Task:
From the line with "Al Pierre Mauroy" to the line with "3-к кв. Москва Союзный просп., 8К1 (68.0 м²)", retype each line exactly as it stands in the records below, but skip the pictures.

(Source records)
★ ★ ★ ★ ★
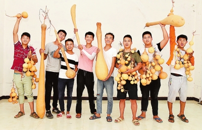宜陽縣張塢鎮(zhèn)元過村小伙兒車高航(右四)大學畢業(yè)后,帶領同伴返鄉(xiāng)創(chuàng)業(yè),鉆研葫蘆種植,并將種植規(guī)模擴大到了80余畝,成立了合作社。
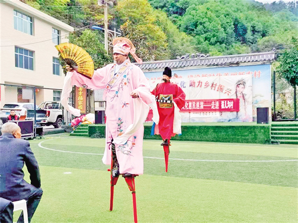 在五峰村,村支部書記羅仁春告訴記者,2023年村委會牽頭成立了五峰村文化民俗文藝協(xié)會,陸續(xù)加入的48名會員涵蓋老中青三代,既有傳承高蹺絕技的老人,也有主動學習弦子腔的年青一代。今年32歲的村民小梅加入?yún)f(xié)會后,一改往日下班后悶在家中的狀態(tài),每天下午吃完飯都會下樓和新認識的姐妹載歌載舞,很快就成為舞蹈隊的主力?!耙郧安恢牢覀兇迳线€有文藝協(xié)會,自從村上干部告訴我后,我就趕緊加入了這個小團體,既鍛煉了身體,又愉悅了心情,生活幸福感越來越強烈。”身著舞蹈服的小梅身姿婀娜,水袖飛揚間,明媚的笑容如花一樣燦爛。
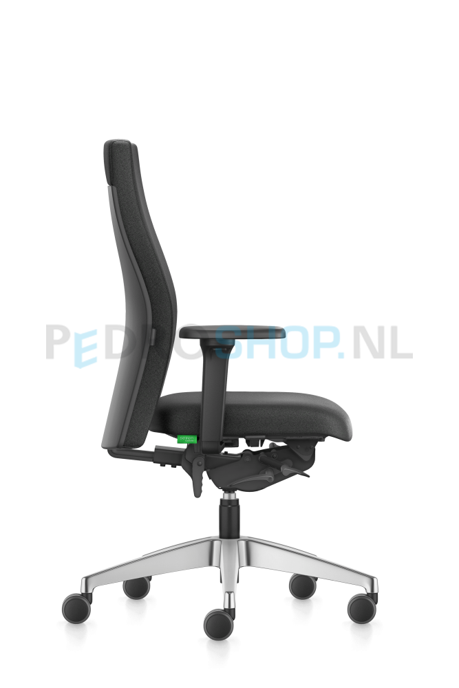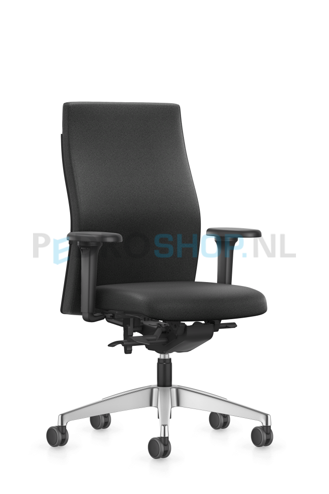 De stoel is voorzien van een 5 cm dikke zitting. De gestoffeerde rugleuning zorgt voor een comfortabele ondersteuning. Daarnaast biedt deze NPR 1813 bureaustoel ruime verstelmodelijkheden en is de rugleuning voorzien van een verstelbare lendesteun. Je kunt de gewichtsregeling aanpassen, de hoogte van de rugleuning, de diepte van de lendensteun en de diepte van de zitting. De NPR-armleggers zijn voorzien van een zachte opdek, 360° draaibaar en in hoogte, breedte en diepte instelbaar.
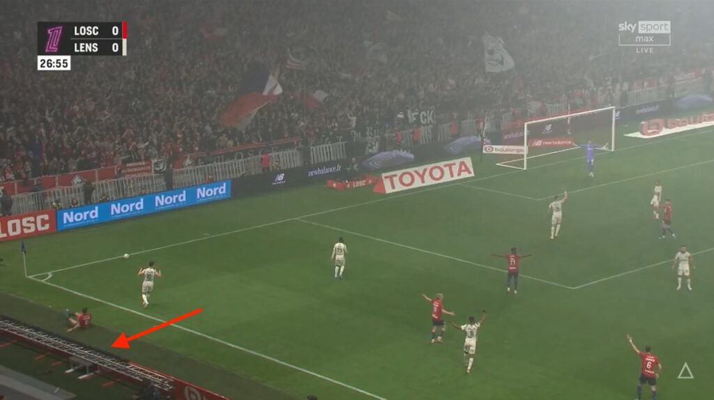 Al Pierre Mauroy di Lilla, durante la ventottesima giornata di Ligue 1, infatti, era presente sugli ultimi 16 metri (circa) del lato lungo del terreno di gioco, in corrispondenza dell’area sinistra di rigore, quella fila di camere collocate l’una vicina all’altra progettate per catturare una serie di immagini da un operatore (da remoto), che aveva la possibilità di scorrere senza soluzione di continuità da una all’altra simulando riprese provenienti da una camera in movimento.
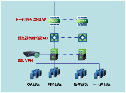 2、服务器负载均衡AD:优化学生选课、查分高峰期,以及招生期间的服务器性能,保障系统的稳定可靠性,利用单边加速技术提升对业务系统的的访问速度,通过提供智能报表分析,为学校提供网络优化和改造的依据;
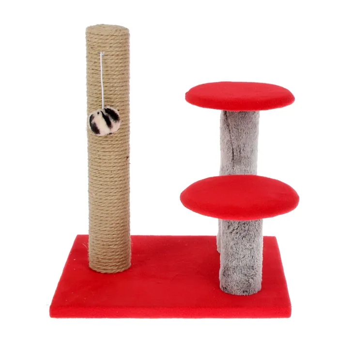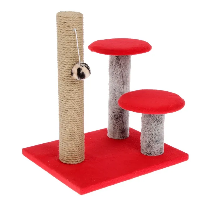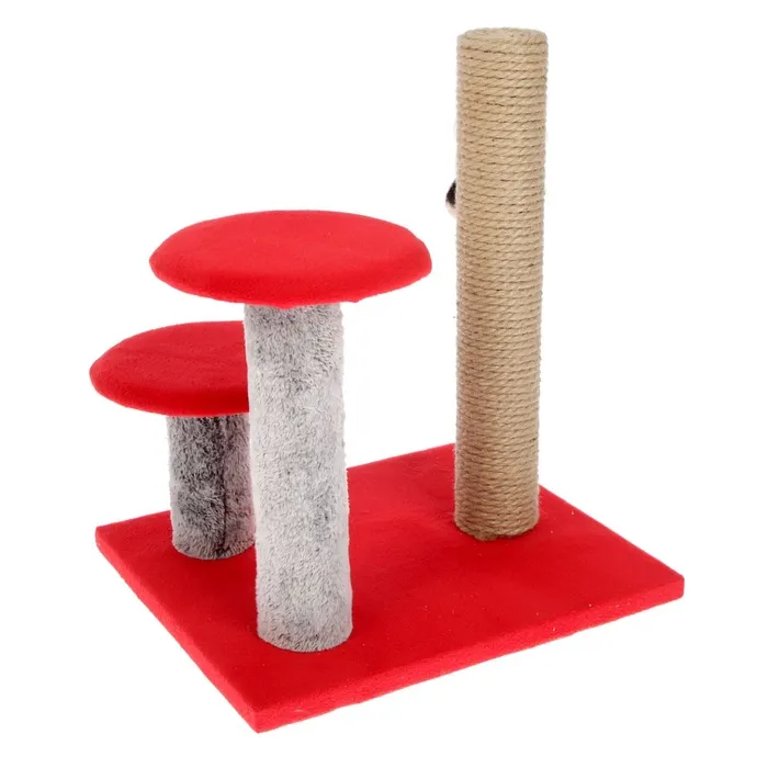 Благодаря прочной джутовой обмотке столбика, когтеточка идеально подходит для стачивания когтей, что поможет сохранить мебель и обои в целости. А благодаря полкам-лежанкам и оригинальной игрушке в виде грибов, ваш питомец сможет не только точить когти, но и с удовольствием играть и отдыхать.
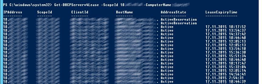 Get-DHCPServerv4Lease -ScopeId 192.168.12.0 -ComputerName be-dhcp1
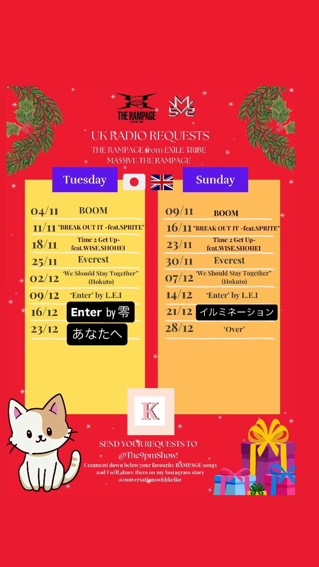 🇬🇧📻今朝は #RIKU #TIM が流れました👏リクエストありがとうございました🍀 1回飛んで次回は12/17(水) 🇬🇧ブロガーさんスケジュール⬇️から # #Enter をリクエスト🙏 👇🏻リクエスト&視聴 ecaradio.org 新曲リリース、お休み、Xmasの為⬇️予定を変更してます🙏 @RIKU1994810 @sncrmpg_kk pic.x.com/sZNAq4Kcyz
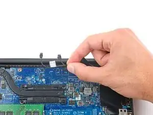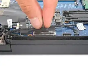 Вытяните кабели WLAN из их резинок и переместите их в сторону, над левой стороной ноутбука.
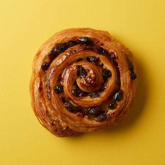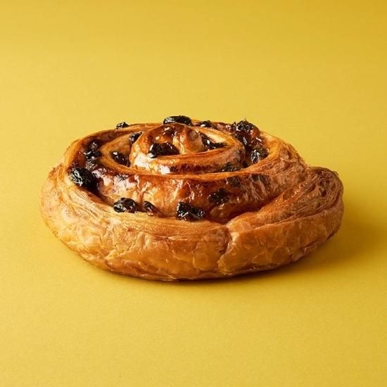 ぐるぐる巻きのエスカルゴ型はフランスの定番。オーガニックレーズンに自家製パティシエール(カスタードクリーム)を合わせました。
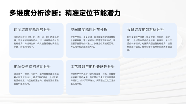 节能分析模块通过与历史同期、行业标杆对比基准能耗,以及诊断能耗异常,精准定位节能潜力点,如老旧设备和不合理的空调运行时间等,为企业节能优化提供方向。
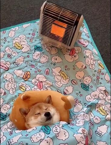 一只狗子“盖棉被吹暖风”,在“冻成狗”的冬天,这场景让人羡慕
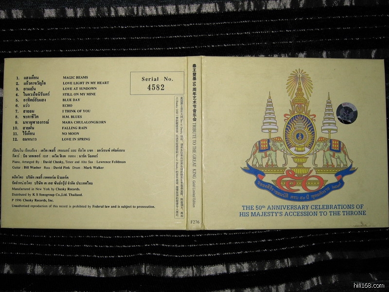 见图,很好听的一张爵士音乐。里面的好几首曲子都是泰国国王亲自作曲的,很佩服!是限量版的,在chesky官网也没有查到。请知道的朋友帮忙告诉一下,谢谢!
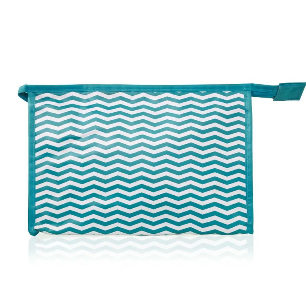 Smart A-formet kosmetiktaske fra Studio. Kosmetiktasken har chevron print i hvid og blå, og et stort lynlås rum med god plads til dine produkter.
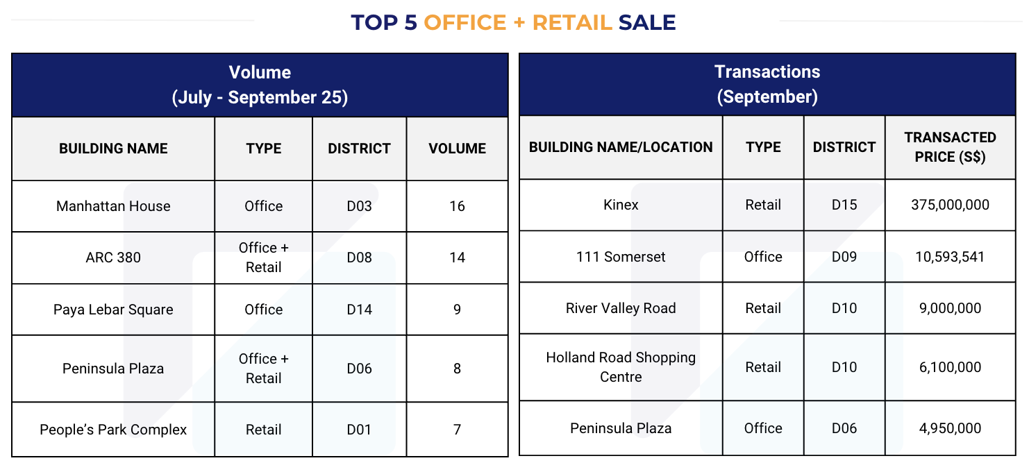 1. Top 5 Office and Retail Sale (by volume and transacted price) (July 2025 - September 2025)
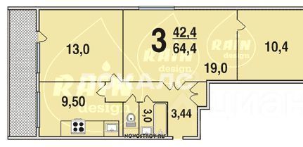 3-к кв. Москва Союзный просп., 8К1 (68.0 м²)
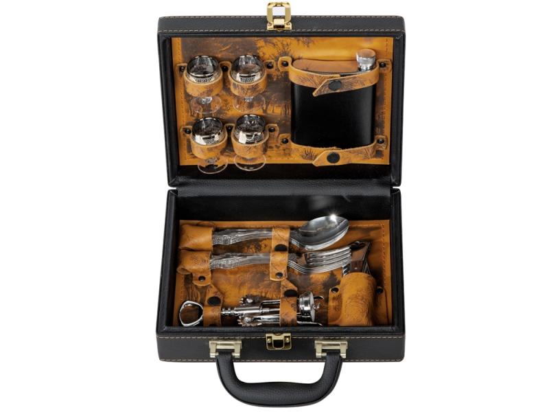 стопки- прозрачный/золотистый, шампура- серебристый/коричневый, дипломат- темно-коричневый
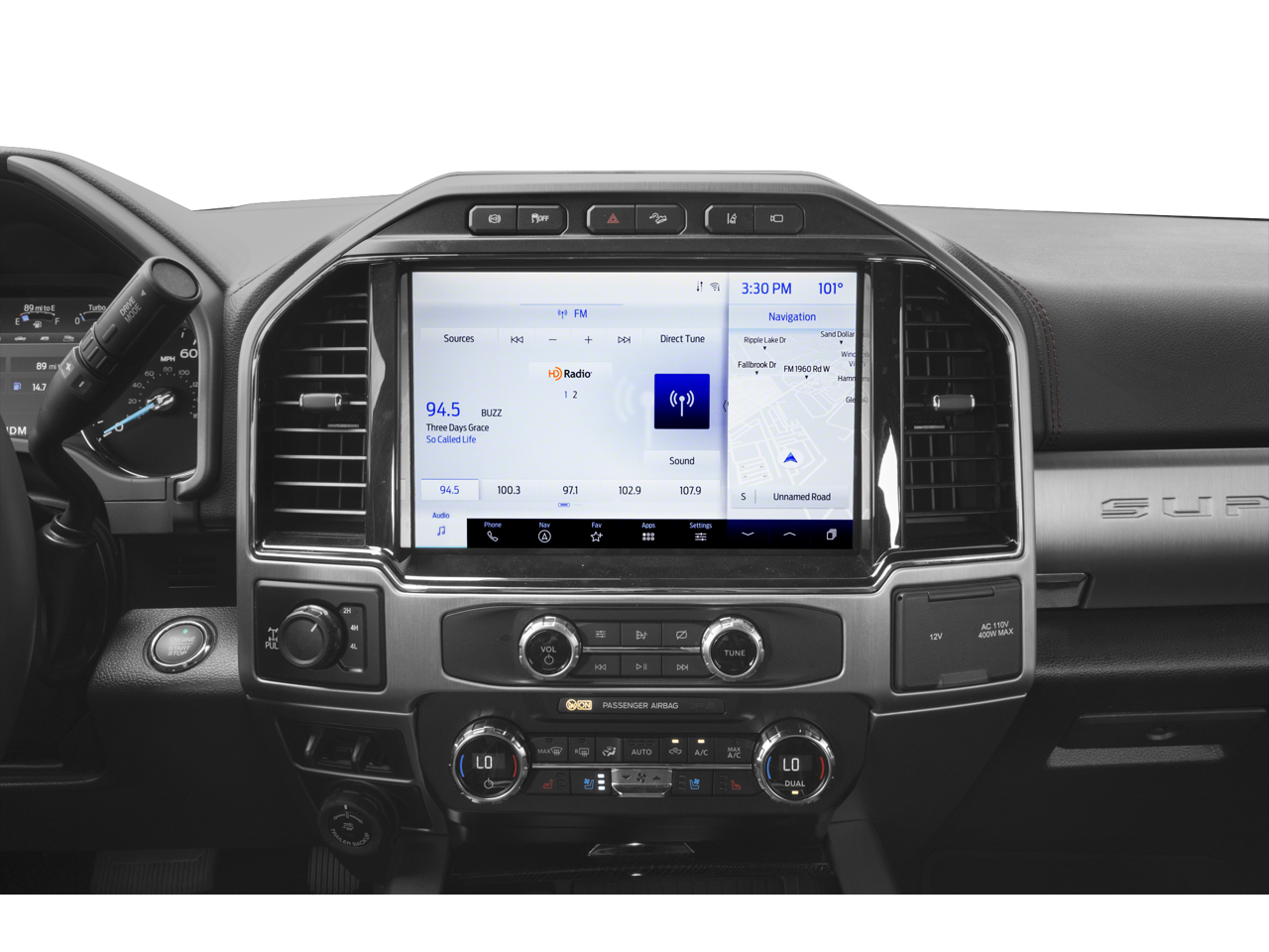 • SYNC 4 w/Enhanced Voice Recognition -inc: 12" LCD capacitive touchscreen w/swipe capability, information on demand panel, wireless phone connection, cloud connected, AppLink w/app catalog, 911 assist, Apple CarPlay and Android Auto compatibility, digital owner's manual, conversational voice command recognition and connected built-in navigation w/complimentary 3-year trial for eligible vehicles that begins on the new vehicle warranty start date, Customers must unlock the navigation service trial by activating the eligible vehicle w/a FordPass member account, If not subscribed by the end of the complimentary period, the connected navigation service will terminate, and the system will revert to embedded offline navigation, Navigation services require SYNC4 and Ford Pass Connect (optional on select vehicles), complimentary connect service and the FordPass app (see FordPass terms for details), Connected service and features depend on compatible AT&T network availability, Evolving technology/cellular networks/vehicle capability may limit functionality and prevent operation of connected features, FordPass app, compatible w/select smartphone platforms, is available via a download, Message and data rates may apply
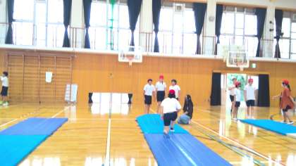 体育の学習では、「マット運動」に取り組んでいます。できる技を組み合わせて回ったり、もう少し頑張ればできそうな技に挑戦したりしています。気を付けるポイントを自分で考え、それを意識して技の完成をめざしています。
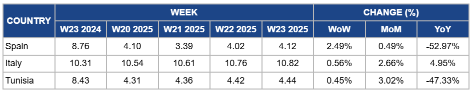 In W23, Italy’s olive oil prices edged up by 0.56% WoW to USD 10.82/kg, alongside a 2.66% MoM increase and a 4.95% YoY gain. This modest rise reflects continued structural supply constraints: 2024/25 production remains well below par, hampered by persistent drought, extreme heat, and erratic rainfall, particularly in southern regions like Puglia and Sicily, which have reduced yields by around 20% to 50% in some areas. Boosting costs further are inflation-driven increases in labor, fertilizers, energy, and pest control (especially against olive fruit flies and Xylella fastidiosa), forcing farmers to accept higher prices. Meanwhile, with sustained international demand, Italy exported over USD 3.4 billion in olive oil during 2024 on the back of rising global interest and has kept upward pressure on wholesale prices despite production challenges.
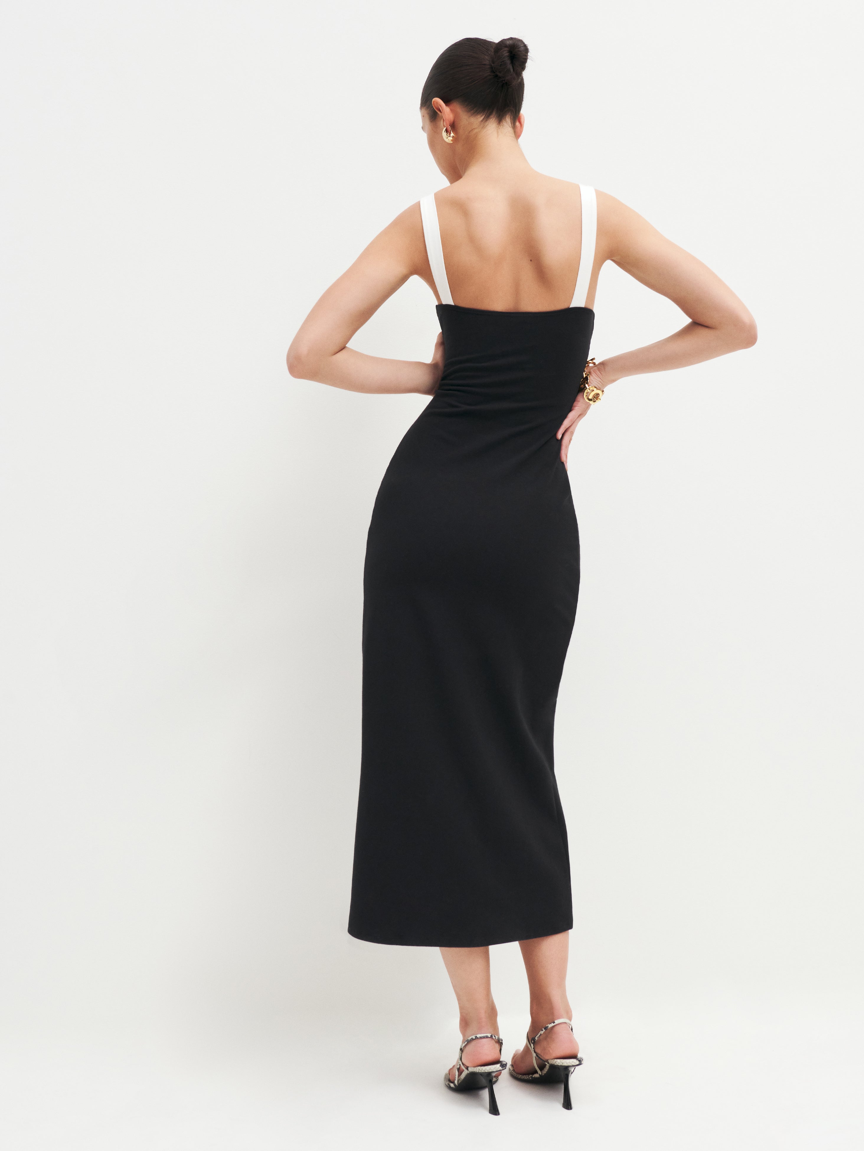All your other dresses are gonna be jealous. Shop the Nelle Knit Dress from Reformation, a midi length, tank dress, with a column skirt and bust detailing.
★ ★ ★ ★ ★
Your response:
 Al Pierre Mauroy di Lilla, durante la ventottesima giornata di Ligue 1, infatti, era presente sugli ultimi 16 metri (circa) del lato lungo del terreno di gioco, in corrispondenza dell’area sinistra di rigore, quella fila di camere collocate l’una vicina all’altra progettate per catturare una serie di immagini da un operatore (da remoto), che aveva la possibilità di scorrere senza soluzione di continuità da una all’altra simulando riprese provenienti da una camera in movimento.
 2、服务器负载均衡AD:优化学生选课、查分高峰期,以及招生期间的服务器性能,保障系统的稳定可靠性,利用单边加速技术提升对业务系统的的访问速度,通过提供智能报表分析,为学校提供网络优化和改造的依据;
 Благодаря прочной джутовой обмотке столбика, когтеточка идеально подходит для стачивания когтей, что поможет сохранить мебель и обои в целости. А благодаря полкам-лежанкам и оригинальной игрушке в виде грибов, ваш питомец сможет не только точить когти, но и с удовольствием играть и отдыхать.
 Get-DHCPServerv4Lease -ScopeId 192.168.12.0 -ComputerName be-dhcp1
 🇬🇧📻今朝は #RIKU #TIM が流れました👏リクエストありがとうございました🍀 1回飛んで次回は12/17(水) 🇬🇧ブロガーさんスケジュール⬇️から # #Enter をリクエスト🙏 👇🏻リクエスト&視聴 ecaradio.org 新曲リリース、お休み、Xmasの為⬇️予定を変更してます🙏 @RIKU1994810 @sncrmpg_kk pic.x.com/sZNAq4Kcyz
 Вытяните кабели WLAN из их резинок и переместите их в сторону, над левой стороной ноутбука.
 ぐるぐる巻きのエスカルゴ型はフランスの定番。オーガニックレーズンに自家製パティシエール(カスタードクリーム)を合わせました。
 节能分析模块通过与历史同期、行业标杆对比基准能耗,以及诊断能耗异常,精准定位节能潜力点,如老旧设备和不合理的空调运行时间等,为企业节能优化提供方向。
 一只狗子“盖棉被吹暖风”,在“冻成狗”的冬天,这场景让人羡慕
 见图,很好听的一张爵士音乐。里面的好几首曲子都是泰国国王亲自作曲的,很佩服!是限量版的,在chesky官网也没有查到。请知道的朋友帮忙告诉一下,谢谢!
 Smart A-formet kosmetiktaske fra Studio. Kosmetiktasken har chevron print i hvid og blå, og et stort lynlås rum med god plads til dine produkter.
 1. Top 5 Office and Retail Sale (by volume and transacted price) (July 2025 - September 2025)
 3-к кв. Москва Союзный просп., 8К1 (68.0 м²)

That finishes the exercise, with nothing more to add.